> Task goal: I would like the lines below, from the one with "Fâtiḥ Camii Kütüphanesi" through the one with "Vojski na Koreji", copied exactly and without any pictures.

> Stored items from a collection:
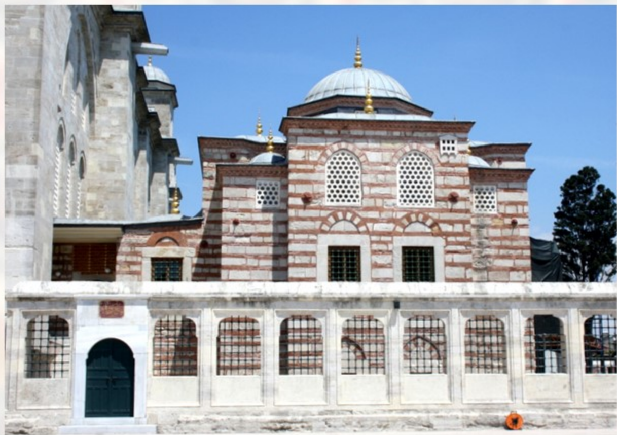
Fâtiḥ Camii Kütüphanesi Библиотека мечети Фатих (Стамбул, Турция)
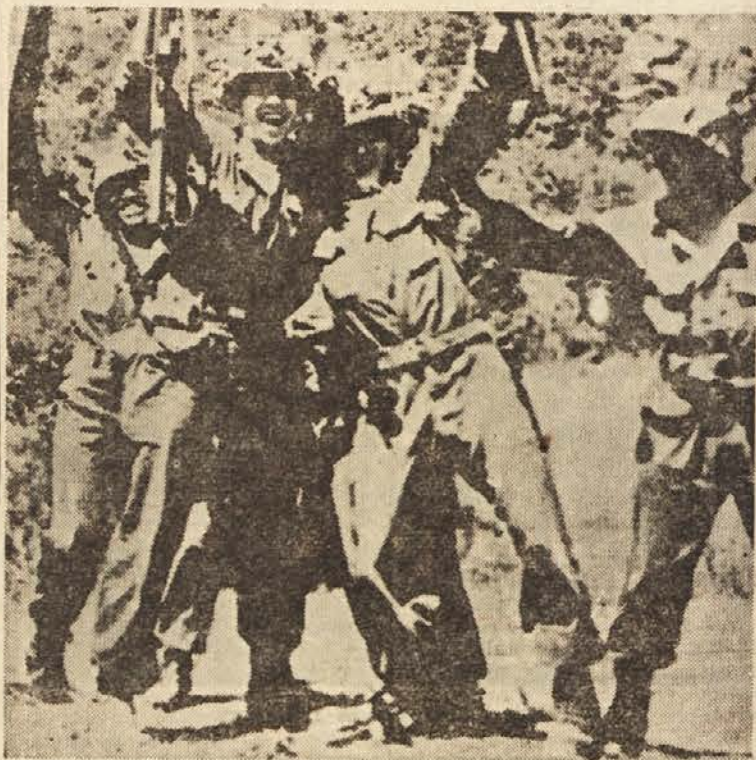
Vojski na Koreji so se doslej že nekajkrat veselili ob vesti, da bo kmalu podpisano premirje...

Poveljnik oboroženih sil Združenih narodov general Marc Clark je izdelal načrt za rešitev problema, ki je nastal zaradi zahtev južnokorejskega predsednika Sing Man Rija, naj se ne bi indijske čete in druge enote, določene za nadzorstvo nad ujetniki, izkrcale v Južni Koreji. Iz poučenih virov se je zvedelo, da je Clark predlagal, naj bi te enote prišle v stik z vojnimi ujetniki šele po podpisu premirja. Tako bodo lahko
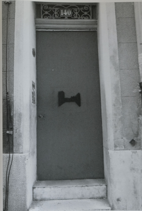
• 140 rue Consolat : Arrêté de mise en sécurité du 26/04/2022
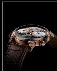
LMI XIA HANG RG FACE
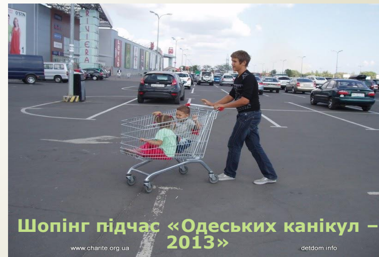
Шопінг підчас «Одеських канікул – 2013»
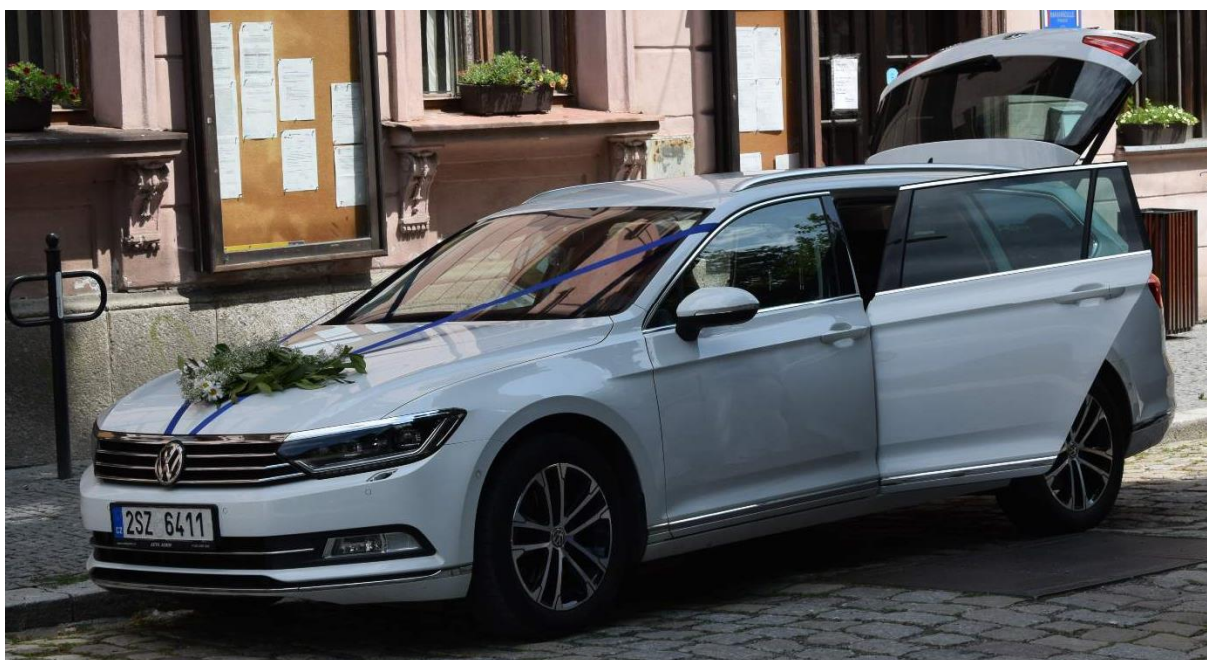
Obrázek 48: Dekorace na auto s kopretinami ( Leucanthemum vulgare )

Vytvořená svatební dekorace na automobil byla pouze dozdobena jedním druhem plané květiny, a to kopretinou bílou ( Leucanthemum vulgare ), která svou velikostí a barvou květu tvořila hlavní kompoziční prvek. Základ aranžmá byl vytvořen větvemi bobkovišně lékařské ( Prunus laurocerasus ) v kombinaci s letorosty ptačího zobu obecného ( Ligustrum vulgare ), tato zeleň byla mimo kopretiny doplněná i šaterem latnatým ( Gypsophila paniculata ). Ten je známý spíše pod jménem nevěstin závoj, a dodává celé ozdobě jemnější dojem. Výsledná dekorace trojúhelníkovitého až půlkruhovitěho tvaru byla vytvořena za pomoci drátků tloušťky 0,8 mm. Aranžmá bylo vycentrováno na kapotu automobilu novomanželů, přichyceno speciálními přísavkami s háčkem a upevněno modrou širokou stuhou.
...
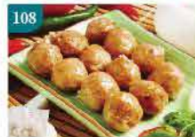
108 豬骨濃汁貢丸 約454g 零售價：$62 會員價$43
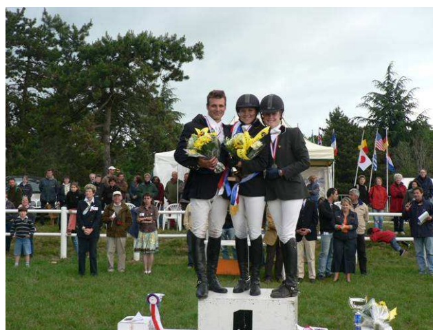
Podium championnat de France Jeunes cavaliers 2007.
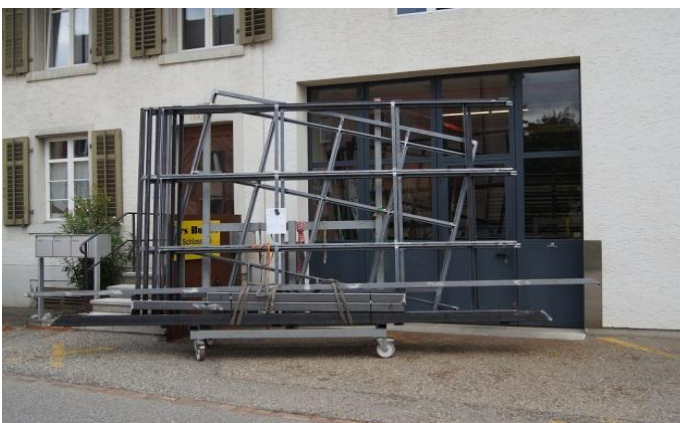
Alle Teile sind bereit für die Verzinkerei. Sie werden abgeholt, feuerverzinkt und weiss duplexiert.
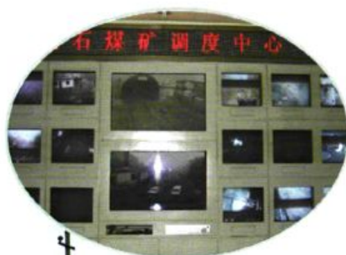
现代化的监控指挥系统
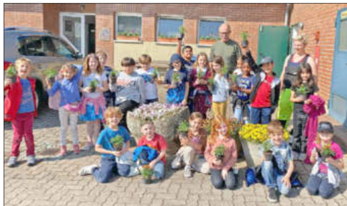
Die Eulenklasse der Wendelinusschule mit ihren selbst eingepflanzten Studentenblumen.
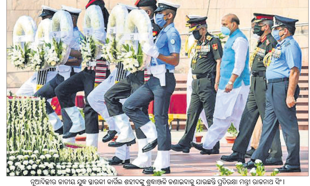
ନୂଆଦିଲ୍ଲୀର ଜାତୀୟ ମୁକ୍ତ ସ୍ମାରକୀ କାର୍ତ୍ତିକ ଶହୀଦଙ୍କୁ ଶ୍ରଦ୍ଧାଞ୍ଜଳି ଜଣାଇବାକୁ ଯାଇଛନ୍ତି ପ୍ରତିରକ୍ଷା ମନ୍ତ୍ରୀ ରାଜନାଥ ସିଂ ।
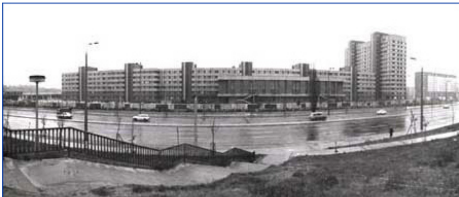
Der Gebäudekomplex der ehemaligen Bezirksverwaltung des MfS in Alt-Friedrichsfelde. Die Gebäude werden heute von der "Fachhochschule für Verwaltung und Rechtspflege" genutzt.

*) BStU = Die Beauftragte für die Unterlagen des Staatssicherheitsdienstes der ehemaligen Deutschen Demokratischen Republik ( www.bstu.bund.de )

> Solved exercise:
Fâtiḥ Camii Kütüphanesi Библиотека мечети Фатих (Стамбул, Турция)
Vojski na Koreji so se doslej že nekajkrat veselili ob vesti, da bo kmalu podpisano premirje...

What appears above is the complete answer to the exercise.